From the first line of the listing to the last, set down everything exactly, but skip the images.

*Information shown*
----

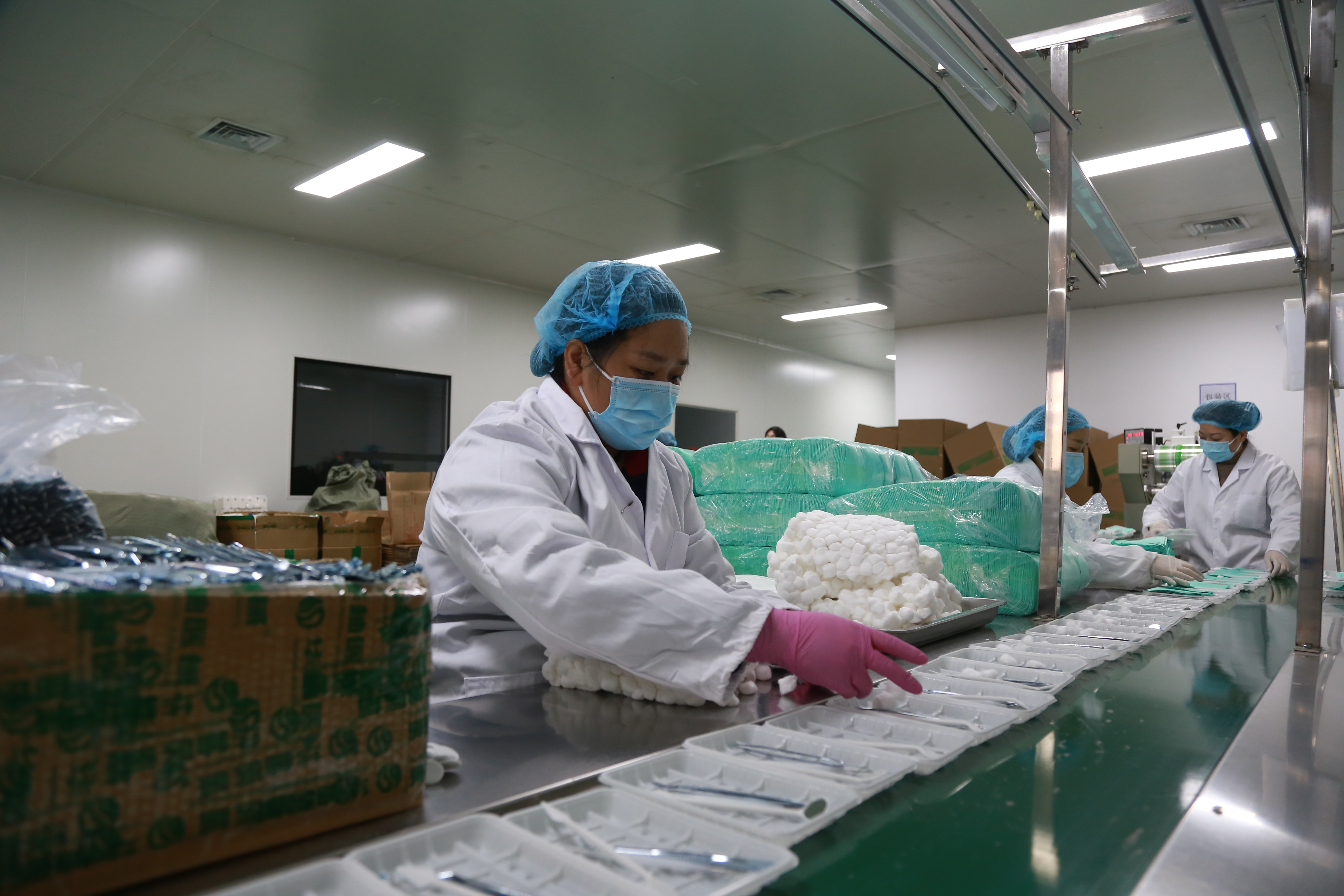 近日,记者走进该园区内的四川华柚医疗器械有限公司,只见一台台设备高速运转,发出有节奏的嗡嗡声,医用托盘、牙用口镜、医用脱脂棉球、牙探针等8个组件被工作人员依次放入生产线,不一会儿一套一次性使用口腔器械盒便生产完成,即将打包发往全国各地。
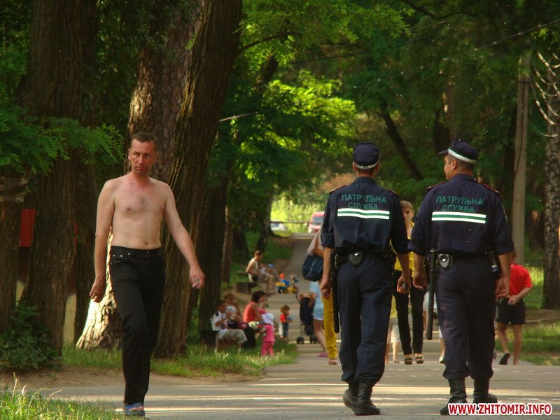 Несмотря на понедельник, зрителей и просто загорающих было достаточно много. В основном житомиряне с семьями спешили в парк после 7 часов вечера.
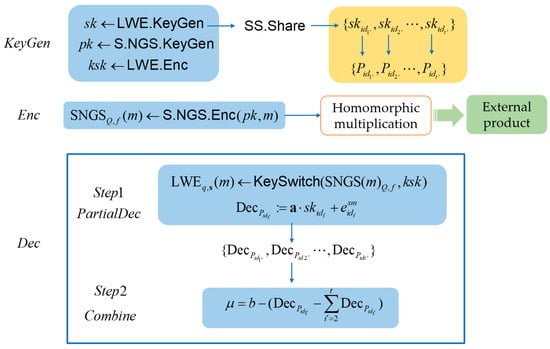In this section, we design a novel ThFHE using the S-NGS scheme—Th-S-NGS. ThFHE supports homomorphic operations on inputs from multiple data owners without sacrificing user priorities. The constructed ThFHE scheme needs to be combined with the CS-LISS scheme to realize the threshold access structure. For this purpose, all parties encrypt the data using a key issued by a trusted third party, and decryption only requires participants to agree and cooperate in decrypting any ciphertext, without requiring all participants to join.

----

*Answer below*
 近日,记者走进该园区内的四川华柚医疗器械有限公司,只见一台台设备高速运转,发出有节奏的嗡嗡声,医用托盘、牙用口镜、医用脱脂棉球、牙探针等8个组件被工作人员依次放入生产线,不一会儿一套一次性使用口腔器械盒便生产完成,即将打包发往全国各地。
 Несмотря на понедельник, зрителей и просто загорающих было достаточно много. В основном житомиряне с семьями спешили в парк после 7 часов вечера.
In this section, we design a novel ThFHE using the S-NGS scheme—Th-S-NGS. ThFHE supports homomorphic operations on inputs from multiple data owners without sacrificing user priorities. The constructed ThFHE scheme needs to be combined with the CS-LISS scheme to realize the threshold access structure. For this purpose, all parties encrypt the data using a key issued by a trusted third party, and decryption only requires participants to agree and cooperate in decrypting any ciphertext, without requiring all participants to join.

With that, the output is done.